Here's the thing with auto incrementing integers as keys:
You HAVE to have posted the record before you get access to it. That means that until you have posted the record, you cannot, for example, prepare related records that will be stored in another table, or any one of a lot of other possible reasons why it might be useful to have access to the new record's unique id, before posting it.
The above is my deciding factor, whether to go with one method, or the other.
Using a unique identifiers would allow you to merge data from two different databases.
Maybe you have an application that collects data in multiple database and then "syncs" with a master database at various times in the day. You wouldn't have to worry about primary key collisions in this scenario.
Or, possibly, you might want to know what a record's ID will be before you actually create it.
One benefit is that it can allow the database/SQL to be more cross-platform. The SQL can be exactly the same on SQL Server, Oracle, etc...
The only reason I can think of is that the code was written before sequences were invented and the code forgot to catch up ;)
I would prefer to use a GUID for most of the scenarios in which the post's current method makes any sense to me (replication being a possible one). If replication was the issue, such a stored procedure would have to be aware of the other server which would have to be linked to ensure key uniqueness, which would make it very brittle and probably a poor way of doing this.
One situation where I use integer primary keys that are NOT auto-incrementing identities is the case of rarely-changed lookup tables that enforce foreign key constraints, that will have a corresponding enum in the data-consuming application. In that scenario, I want to ensure the enum mapping will be correct between development and deployment, especially if there will be multiple prod servers.

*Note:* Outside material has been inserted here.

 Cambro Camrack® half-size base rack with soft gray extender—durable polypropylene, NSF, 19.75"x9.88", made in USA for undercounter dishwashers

Another potential reason is that you deliberately want random keys. This can be desirable if, say, you don't want nosey browsers leafing through every item you have in the database, but it's not critical enough to warrant actual authentication security measures.
My main issue with auto-incrementing keys is that they lack any meaning.

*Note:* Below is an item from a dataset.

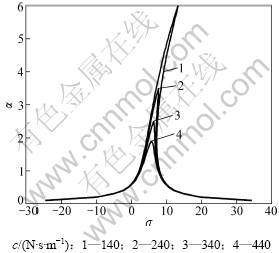方程(20)即为系统的频率响应关系式,下面分别固定其他参数而变化其中1个参数,得到各主要参数对系统幅频曲线的影响。图4~7所示分别为各主要参数变化对系统幅频特性影响的曲线。
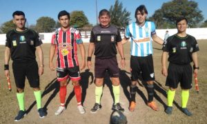 El árbitro Marcelo Salvatierra con sus asistentes y los capitanes César Sotelo, autor de tres goles, y Manuel Sáez

For tables where certain fields provide uniqueness (whether alone or in combination with another), I'd opt for using that instead.
A useful side benefit of using a GUID primary key instead of an auto-incrementing one is that you can assign the PK value for a new row on the client side (in fact you have to do this in a replication scenario), sparing you the hassle of retrieving the PK of the row you just added on the server.
One of the downsides of a GUID PK is that joins on a GUID field are slower (unless this has changed recently). Another upside of using GUIDs is that it's fun to try and explain to a non-technical manager why a GUID collision is rather unlikely.
Galwegian's answer is not necessarily true.
With MySQL you can set a key offset for each database instance. If you combine this with a large enough increment it will for fine. I'm sure other vendors would have some sort of similar settings.
Lets say we have 2 databases we want to replicate. We can set it up in the following way.
increment = 2
db1 - offset = 1
db2 - offset = 2
This means that
db1 will have keys 1, 3, 5, 7....
db2 will have keys 2, 4, 6, 8....
Therefore we will not have key clashes on inserts.
The only real reason to do this is to be database agnostic (if different db versions use different auto-numbering techniques).
The other issue mentioned here is the ability to create records in multiple places (like in the central office as well as on traveling users' laptops). In that case, though, you would probably need something like a "sitecode" that was unique to each install that was prefixed to each ID.